CSS attribute selectors: The rules on quotes (", ' or none?)
This question has been bugging me for a while now. When writing a CSS selector that compares against an element's attribute like so.
a[rel="nofollow"]
I never know what I should be doing with the quotation marks. Are they really necessary?
Basically, what is the specification for this because I can't find it on the web site.
Are all of these considered valid?
a[rel="nofollow"]
a[rel='nofollow']
a[rel=nofollow]
Solution 1:
I’ve written more extensively on the subject here: Unquoted attribute values in HTML and CSS.
I’ve also created a tool to help you answer your question: http://mothereff.in/unquoted-attributes
You can usually omit the quotes as long as the attribute value is alphanumeric (however, there are some exceptions — see the linked article for all the details). Anyhow, I find it to be good practice to add the quotes anyway in case you need them, i.e. a[href^=http://]
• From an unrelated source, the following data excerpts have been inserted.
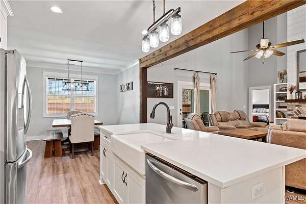- Breakfast Area, Ceiling Fans, Granite Counters, Open Concept, Primary Downstairs, Soaking Tub, Solid Surface Counters
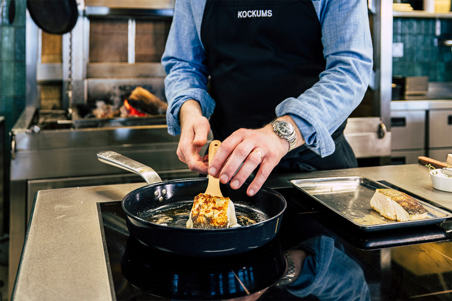 Vi på Kockums Jernverk har länge älskat kolstål för dess utmärkta stekegenskaper och den jämna värmefördelningen som ger full kontroll vid matlagningen. Men vi såg också behovet av en panna som är mer tålig mot syrliga råvaror, utan att tumma på det vi älskar med kolstål. Resultatet är vår nya Allroundpanna, en unik kombination av kolstålspanna och emaljerad panna.
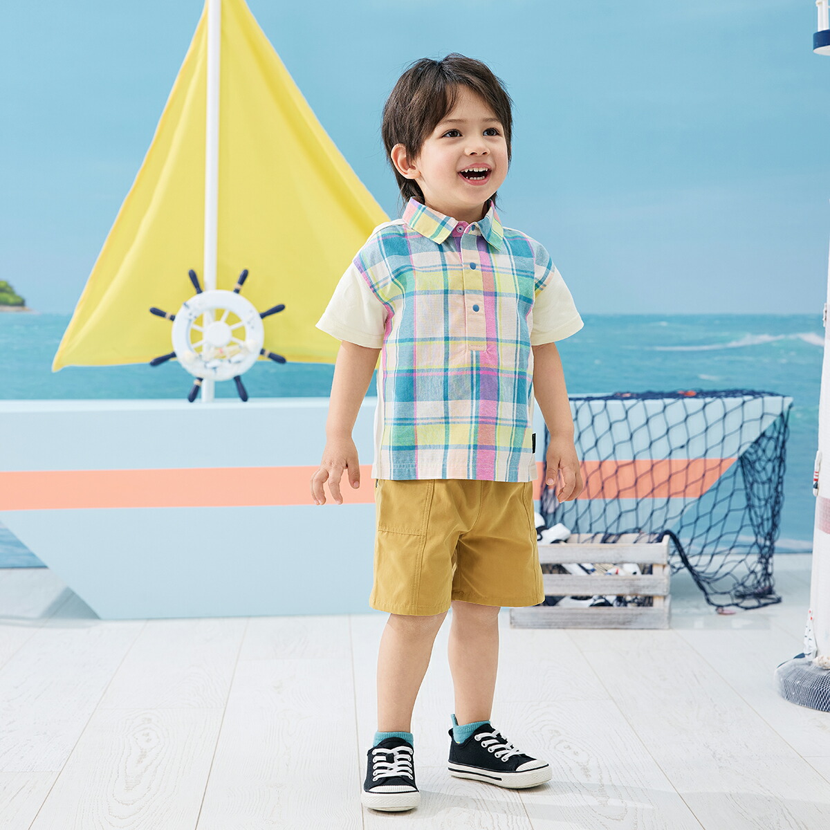 【素材】コンビミニ、オリジナルの先染めマドラスチェック柄は、さらっとした綿100%素材です。
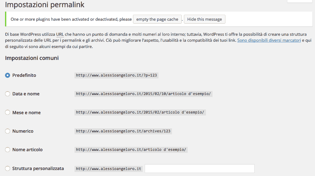 Quando trasferite un sito WordPress su un dominio diverso, consiglio vivamente di disabilitare i permalink, questo perché a trasferimento avvenuto, le pagine e gli articoli potrebbero non essere raggiungibili, sempre per lo stesso motivo delle immagini, WordPress utilizza i link assoluti.
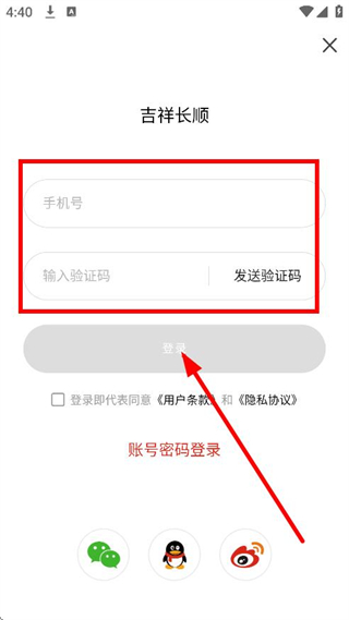 4、輸入手機號并輸入驗證碼,點擊登錄,完成賬號登錄操作。
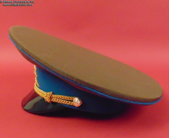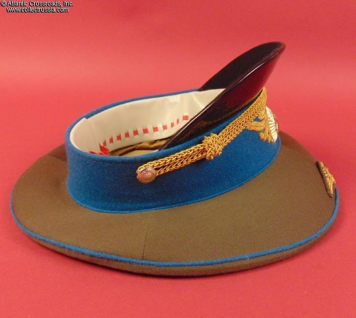 In olive drab wool gabardine with sky-blue band and piping. Gold embroidery around the hat badge and gold embroidered Air Force wings on the crown. Gold filigree chin cord. Features characteristically large "oversized" crown and patent leather visor with felt underside. Red silk tape threads through the leather sweatband to allow a customized fit, a feature unique to general officer hats. The two-piece hat badge is also the type specific to generals. The leather sweat shield shows the logo of the Moscow TsEPK Factory of the Ministry of Defense without the date of manufacture, as typical of the general officer hats produced after 1987. The label is marked 55 for size (Small, US size 6 7/8).
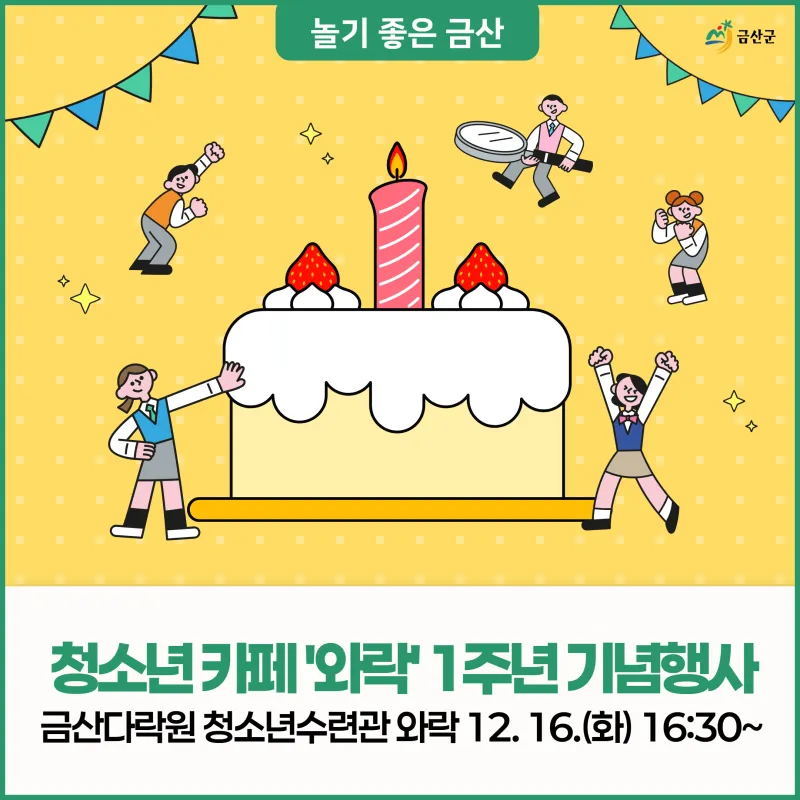 금산다락원 청소년수련관 청소년 카페 '와락' 1주년 기념 행사 안내
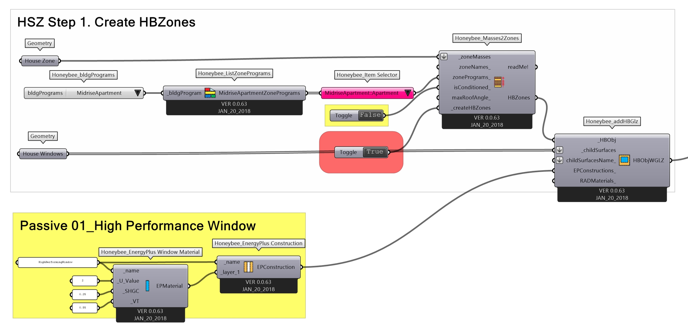 1.02 Zooming in, you can see that we will create a construction for a high performance window, and connect it to the Honeybee_addHBGlz component. This will replace the default assumption about glazing with our specifications for a high-performance window.
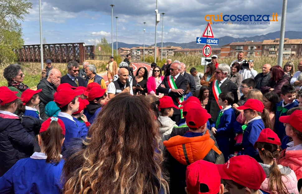 “L’inaugurazione di questa prima opera di agenda urbana Cosenza-Rende – ha spiegato il sindaco di Cosenza Franz Caruso – è simbolica e significativa proprio parlando di città unica. Un’opera che va nella direzione di quella mobilità sostenibile che stiamo portando avanti da tempo. È anche un impegno per un progetto che deve unire non solo le due città di Rende e Cosenza ma anche altre parti del territorio e deve abbracciate aree più vaste. Iniziative come queste permettono di unire i territori. Il messaggio che lanciamo con la prima delle undici opere che a breve inaugureremo è proprio questo: opere unitarie. Grazie all’impiantistica sportiva, qui di fianco nascerà il Palasport dello squash, ma anche con altre opere, possiamo unire diverse parti del territorio. Viale Magna Grecia, ad esempio, che è al confine con Rende e Castrolibero, è un’area che ritengo si debba sviluppare con interventi che danno un senso a quell’impegno a creare cose comuni nel territorio. Non ci siamo riusciti con il PNRR – ha concluso il sindaco di Cosenza – e questo dispiace perché potevamo avere una visione futura e di coesione, ma i tempi ristretti non ci hanno permesso di creare insieme dei progetti”.

won’t work, but a[href^="http://"]
will.
The article I mentioned links to the appropriate chapters in the CSS spec.
Solution 2:
Attribute values must be identifiers or strings
— http://www.w3.org/TR/CSS2/selector.html#attribute-selectors
The first two use strings. The third uses an identifier.
identifiers (including element names, classes, and IDs in selectors) can contain only the characters [a-zA-Z0-9] and ISO 10646 characters U+00A0 and higher, plus the hyphen (-) and the underscore (_); they cannot start with a digit, two hyphens, or a hyphen followed by a digit.
— http://www.w3.org/TR/CSS2/syndata.html#value-def-identifier
Strings can either be written with double quotes or with single quotes.